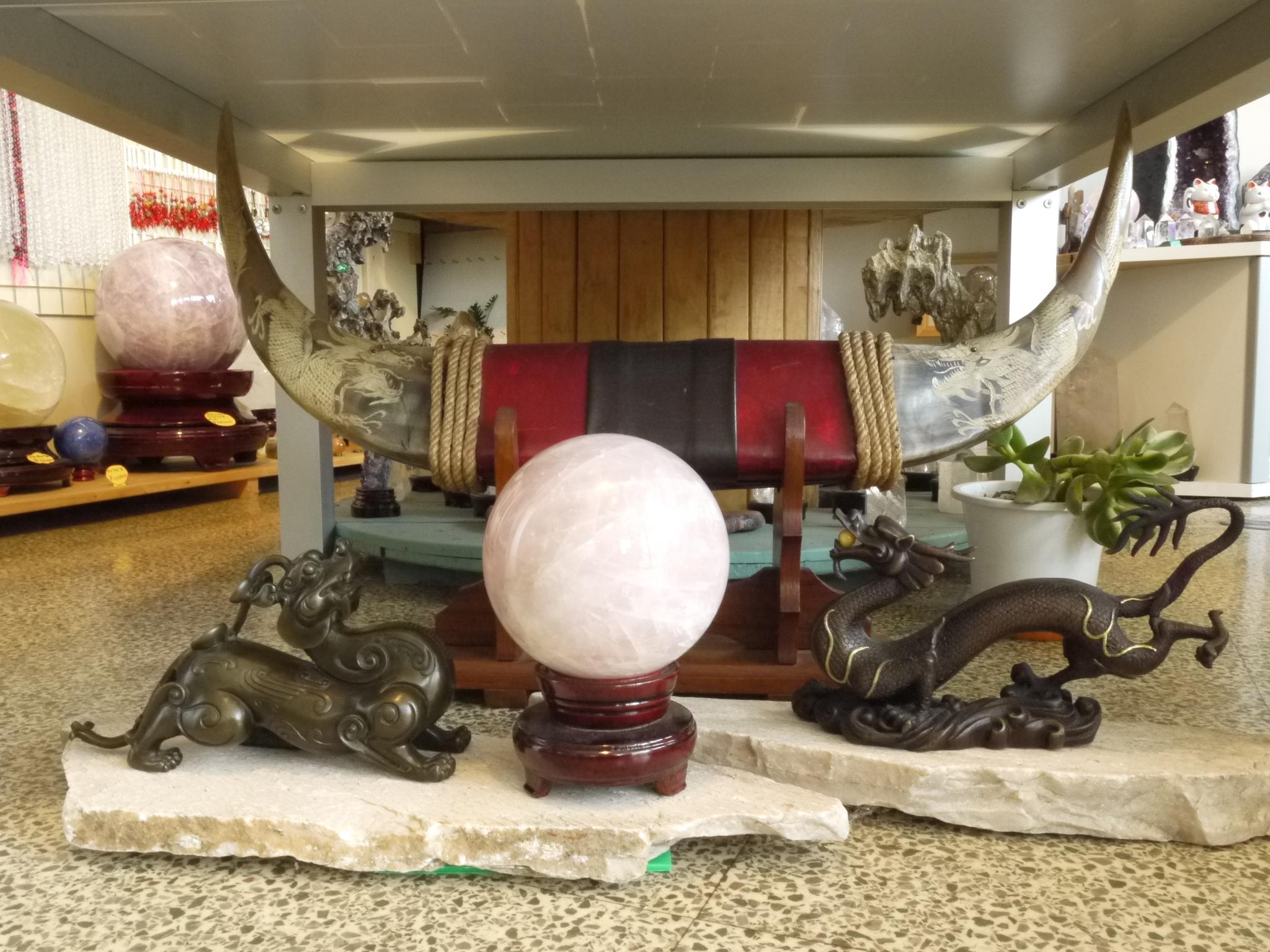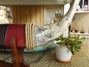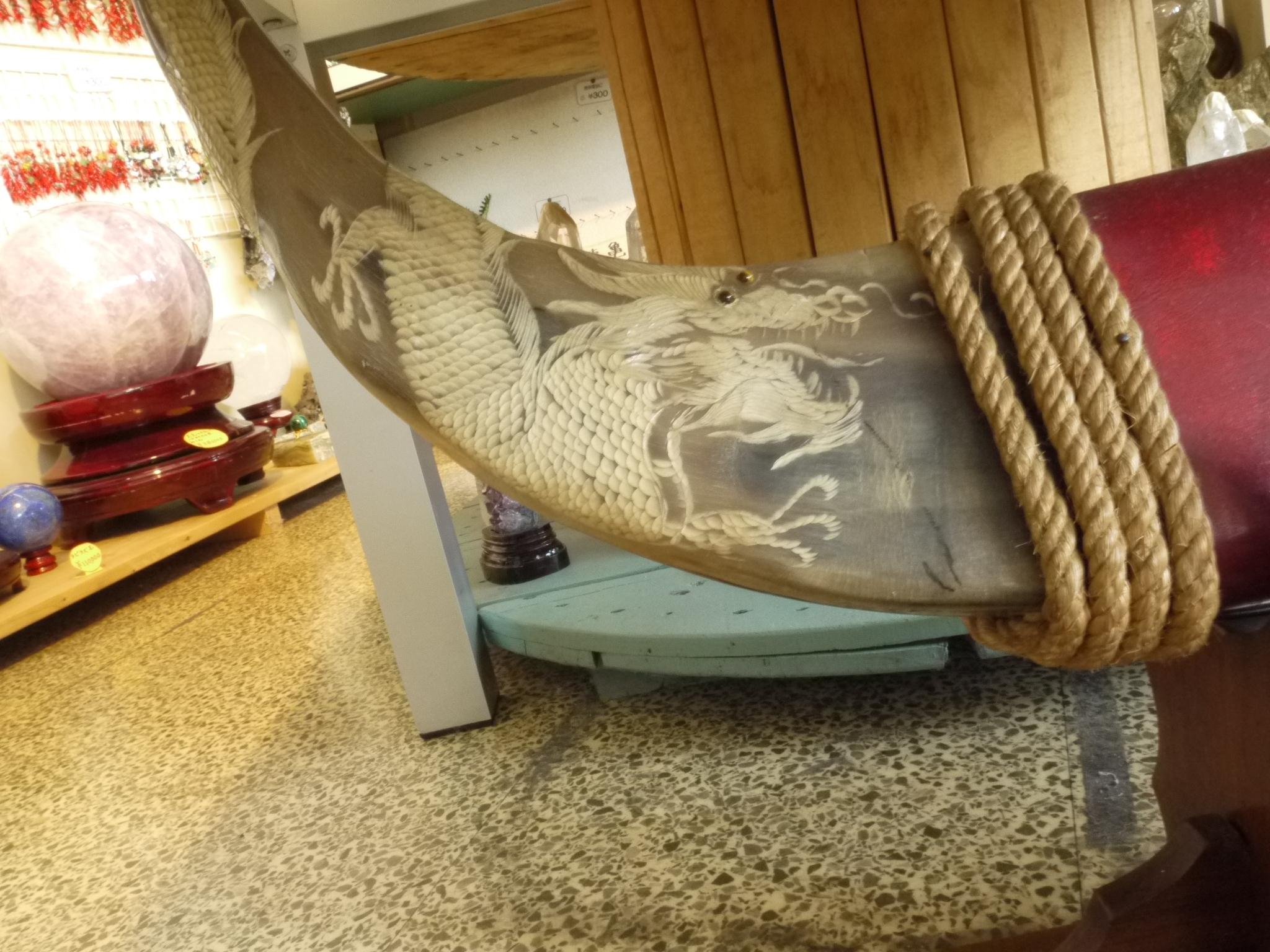 牛の角の両端部分に龍の彫刻を施した置物です。
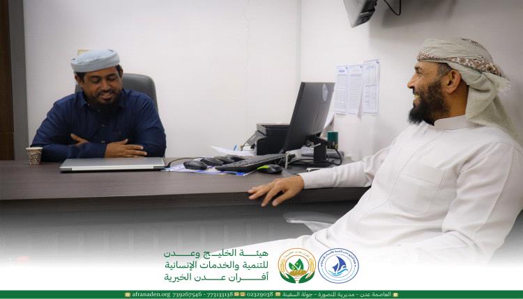 التقى رئيس هيئة الخليج وعدن للتنمية والخدمات الإنسانية، الأستاذ فهد البُري، والمدير التنفيذي الأستاذ سيف اليهري، اليوم في العاصمة عدن، بمدير عام مديرية خنفر، الأستاذ مازن اليوسفي، لبحث سبل استئناف نشاط "أفران عدن الخيرية" في المحافظة.
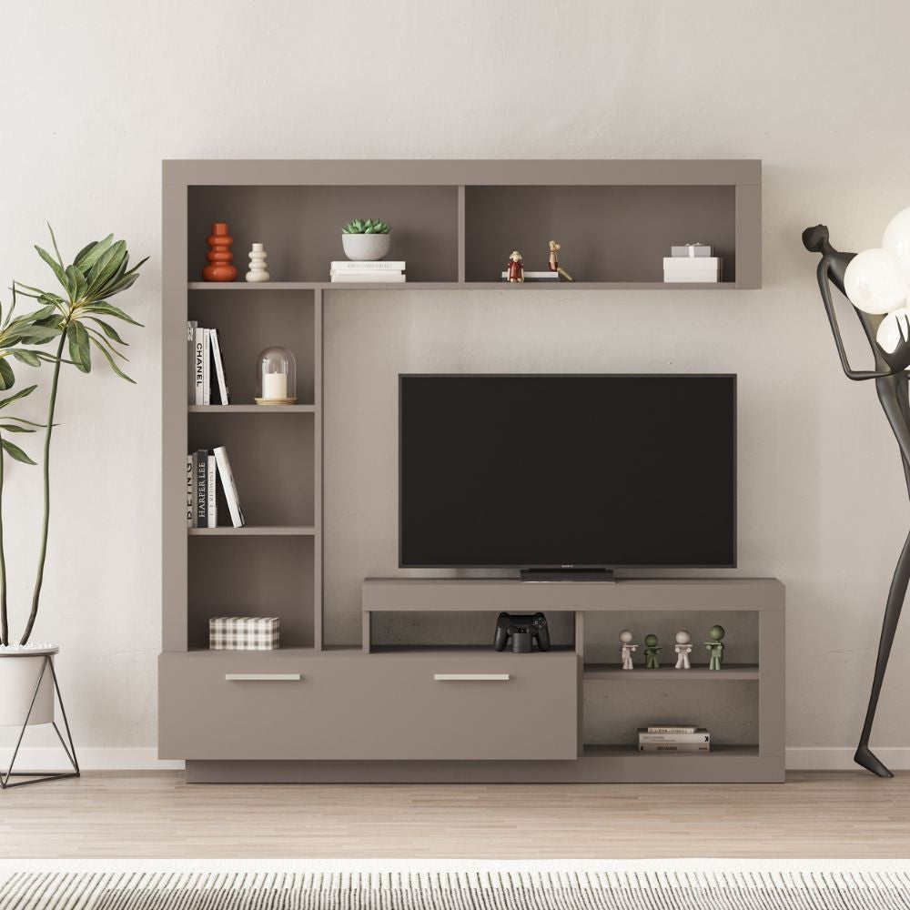 Parete attrezzata Leo con nicchia a giorno e anta a ribalta colore tortora
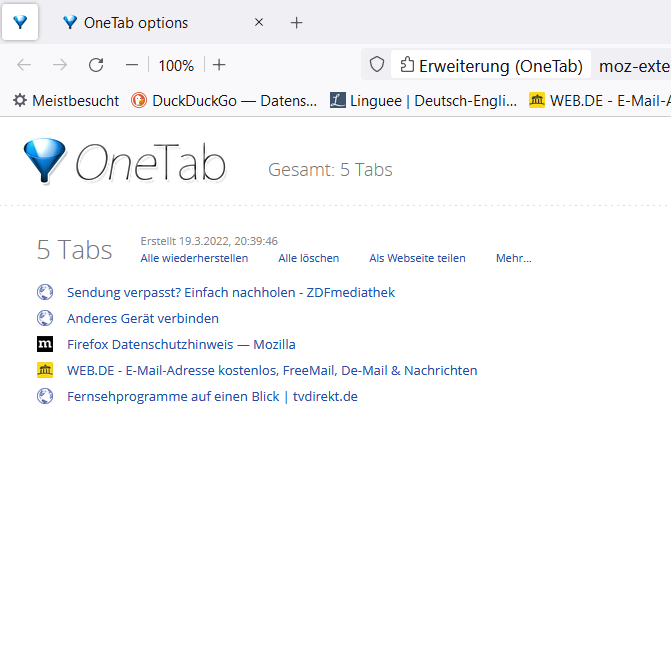 Der screenshot von OneTab war die Antwort für Boersenfeger. Da ich kein neues Profil erstellen möchte, habe ich Deine Antwort nicht verstanden und das mitgeteilt. Keine Ahnung, wie das mitten in meine Antwort an Boersenfeger kam.
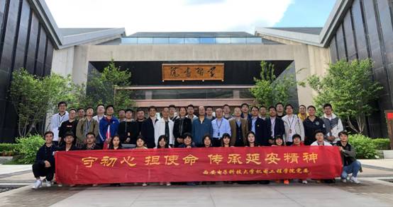 下午,一行人前往了中央军委无线电通讯公司——西电前身延安通校的所在地,切身体会到西电“长征路上办学,半部电台起家”的艰辛历程,深刻理解了“艰苦奋斗、自强不息、求真务实、爱国为民”的西电精神实质。参观过程中,在场师生接受了现场教学,回顾了当时在党中央毛主席的带领下,革命先烈们在延安的艰苦创业故事。随后,在场员工共同朗诵了柯仲平创作的《延安与中国青年》,本着“全心全意为人民服务”的初心,传承通校精神,立志科技报国,下定决心将西电的红色基因永远传承下去。
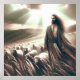 Un dessin dramatique d'affiche de création d'arts numériques de Jésus debout dans un champ de moutons comme berger. Cet art biblique chrétien est unique et peut être utilisé comme décor mural et ou parfait pour un cadeau pour quelqu'un qui aime l'art religieux.
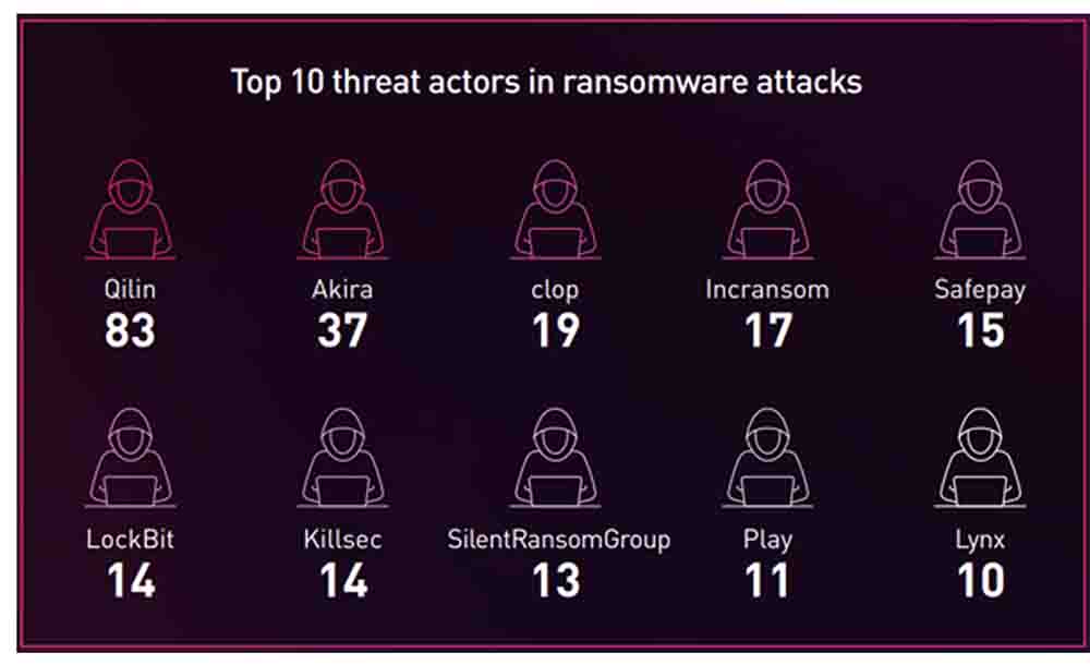 - Los ataques se concentraron principalmente en regiones con tensión geopolítica o alta visibilidad mediática. Israel (112/16,6%), Estados Unidos (40, 5,9%) y Emiratos Árabes Unidos (38, 5,6%) encabezaron la lista, seguidos de cerca por Ucrania (35, 5,2%) y Alemania (34, 5%). Este patrón refleja un enfoque estratégico en entidades financieras que simbolizan la resiliencia nacional y la influencia global. La selección de objetivos a menudo tuvo más que ver con el mensaje político que con la postura técnica o las defensas de la víctima.
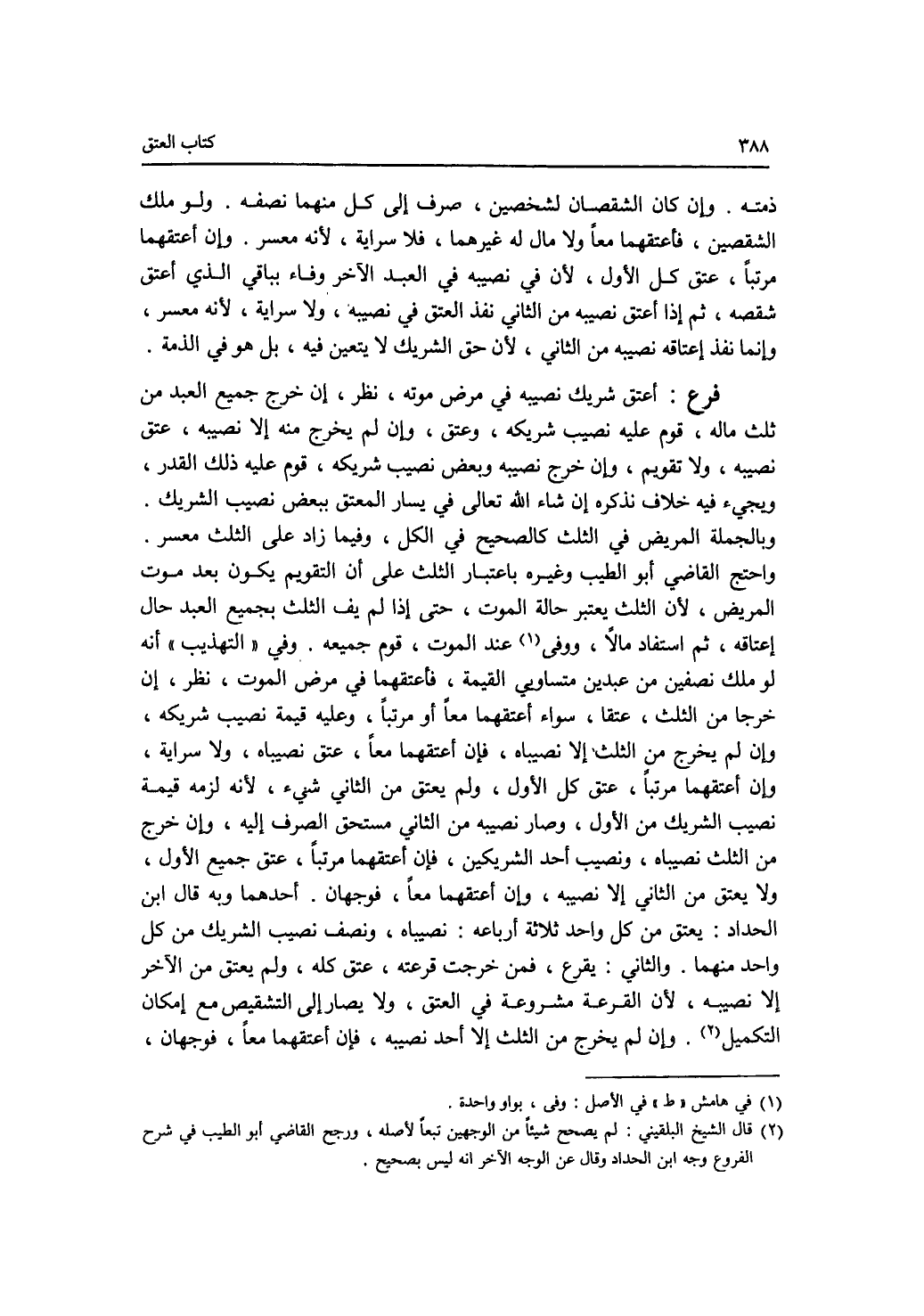ذمته. وإن كان الشقصان لشخصين، صرف إلى كل منهما نصفه. ولو ملك الشقصين، فأعتقهما معا ولا مال له غيرهما، فلا سراية، لانه معسر. وإن أعتقهما مرتبا، عتق كل الاول، لان في نصيبه في العبد الآخر وفاء بباقي الذي أعتق شقصه، ثم إذا أعتق نصيبه من الثاني نفذ العتق في نصيبه، ولا سراية، لانه معسر، وإنما نفذ إعتاقه نصيبه من الثاني، لان حق الشريك لا يتعين فيه، بل هو في الذمة. فرع أعتق شريك نصيبه في مرض موته، نظر، إن خرج جميع العبد من ثلث ماله، قوم عليه نصيب شريكه، وعتق، وإن لم يخرج منه إلا نصيبه، عتق نصيبه، ولا تقويم، وإن خرج نصيبه وبعض نصيب شريكه، قوم عليه ذلك القدر، ويجئ فيه خلاف نذكره إن شاء الله تعالى في يسار المعتق ببعض نصيب الشريك. وبالجملة المريض في الثلث كالصحيح في الكل، وفيما زاد على الثلث معسر. واحتج القاضي أبو الطيب وغيره باعتبار الثلث على أن التقويم يكون بعد موت المريض، لان الثلث يعتبر حالة الموت، حتى إذا لم يف الثلث بجميع العبد حال إعتاقه، ثم استفاد مالا، ووفى عند الموت، قوم جميعه. وفي التهذيب أنه لو ملك نصفين من عبدين متساويي القيمة، فأعتقهما في مرض الموت، نظر، إن خرجا من الثلث، عتقا، سواء أعتقهما معا أو مرتبا، وعليه قيمة نصيب شريكه، وإن لم يخرج من الثلث إلا نصيباه، فإن أعتقهما معا، عتق نصيباه، ولا سراية، وإن أعتقهما مرتبا، عتق كل الاول، ولم يعتق من الثاني شئ، لانه لزمه قيمة نصيب الشريك من الاول، وصار نصيبه من الثاني مستحق الصرف إليه، وإن خرج من الثلث نصيباه، ونصيب أحد الشريكين، فإن أعتقهما مرتبا، عتق جميع الاول، ولا يعتق من الثاني إلا نصيبه، وإن أعتقهما معا فوجهان. أحدهما وبه قال ابن الحداد: يعتق من كل واحد ثلاثة أرباعه: نصيباه، ونصف نصيب الشريك من كل واحد منهما. والثاني: يقرع، فمن خرجت قرعته، عتق كله، ولم يعتق من الآخر إلا نصيبه، لان القرعة مشروعة في العتق، ولا يصار إلى التشقيص مع إمكان التكميل. وإن لم يخرج من الثلث إلا أحد نصيبه، فإن أعتقهما معا، فوجهان،
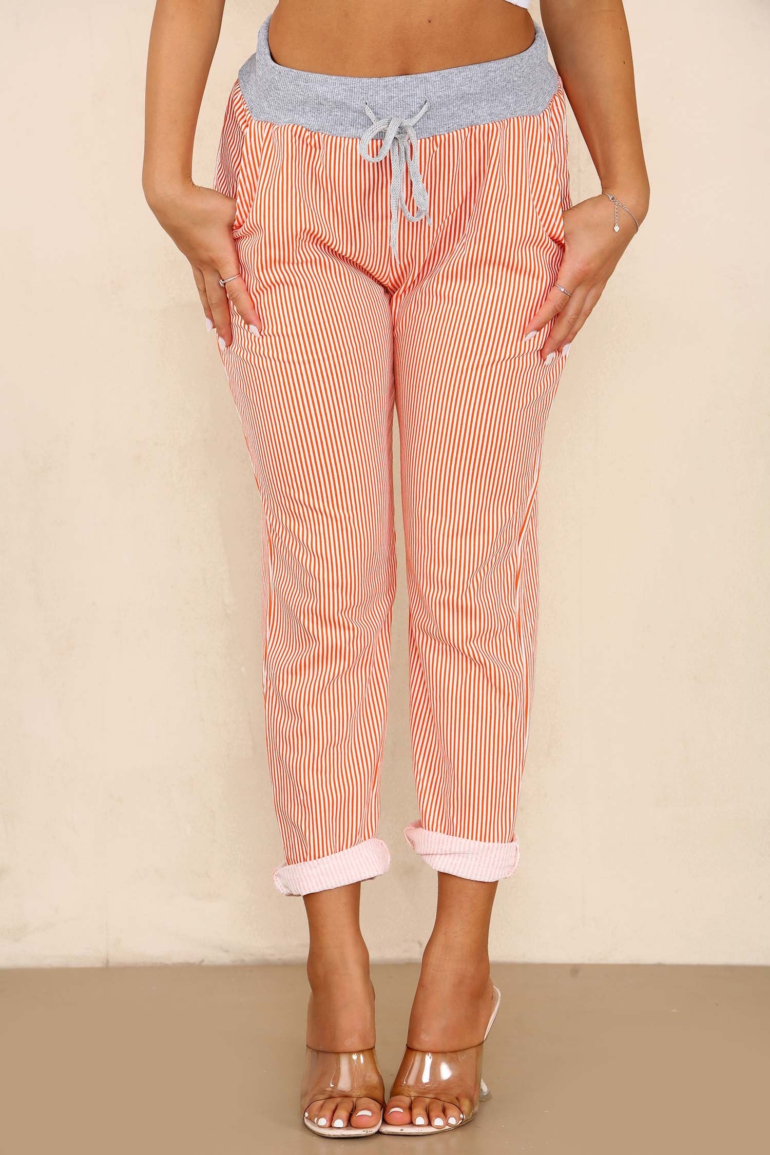Plus Size Italian Thin Stripes Print Drawstring Cotton Joggers

Problem description:
Output exactly the lines of the listing above that start with the one holding "التقى رئيس هيئة" and go on through the one holding "Un dessin dramatique"; leave the pictures out.

Response:
 التقى رئيس هيئة الخليج وعدن للتنمية والخدمات الإنسانية، الأستاذ فهد البُري، والمدير التنفيذي الأستاذ سيف اليهري، اليوم في العاصمة عدن، بمدير عام مديرية خنفر، الأستاذ مازن اليوسفي، لبحث سبل استئناف نشاط "أفران عدن الخيرية" في المحافظة.
 Parete attrezzata Leo con nicchia a giorno e anta a ribalta colore tortora
 Der screenshot von OneTab war die Antwort für Boersenfeger. Da ich kein neues Profil erstellen möchte, habe ich Deine Antwort nicht verstanden und das mitgeteilt. Keine Ahnung, wie das mitten in meine Antwort an Boersenfeger kam.
 下午,一行人前往了中央军委无线电通讯公司——西电前身延安通校的所在地,切身体会到西电“长征路上办学,半部电台起家”的艰辛历程,深刻理解了“艰苦奋斗、自强不息、求真务实、爱国为民”的西电精神实质。参观过程中,在场师生接受了现场教学,回顾了当时在党中央毛主席的带领下,革命先烈们在延安的艰苦创业故事。随后,在场员工共同朗诵了柯仲平创作的《延安与中国青年》,本着“全心全意为人民服务”的初心,传承通校精神,立志科技报国,下定决心将西电的红色基因永远传承下去。
 Un dessin dramatique d'affiche de création d'arts numériques de Jésus debout dans un champ de moutons comme berger. Cet art biblique chrétien est unique et peut être utilisé comme décor mural et ou parfait pour un cadeau pour quelqu'un qui aime l'art religieux.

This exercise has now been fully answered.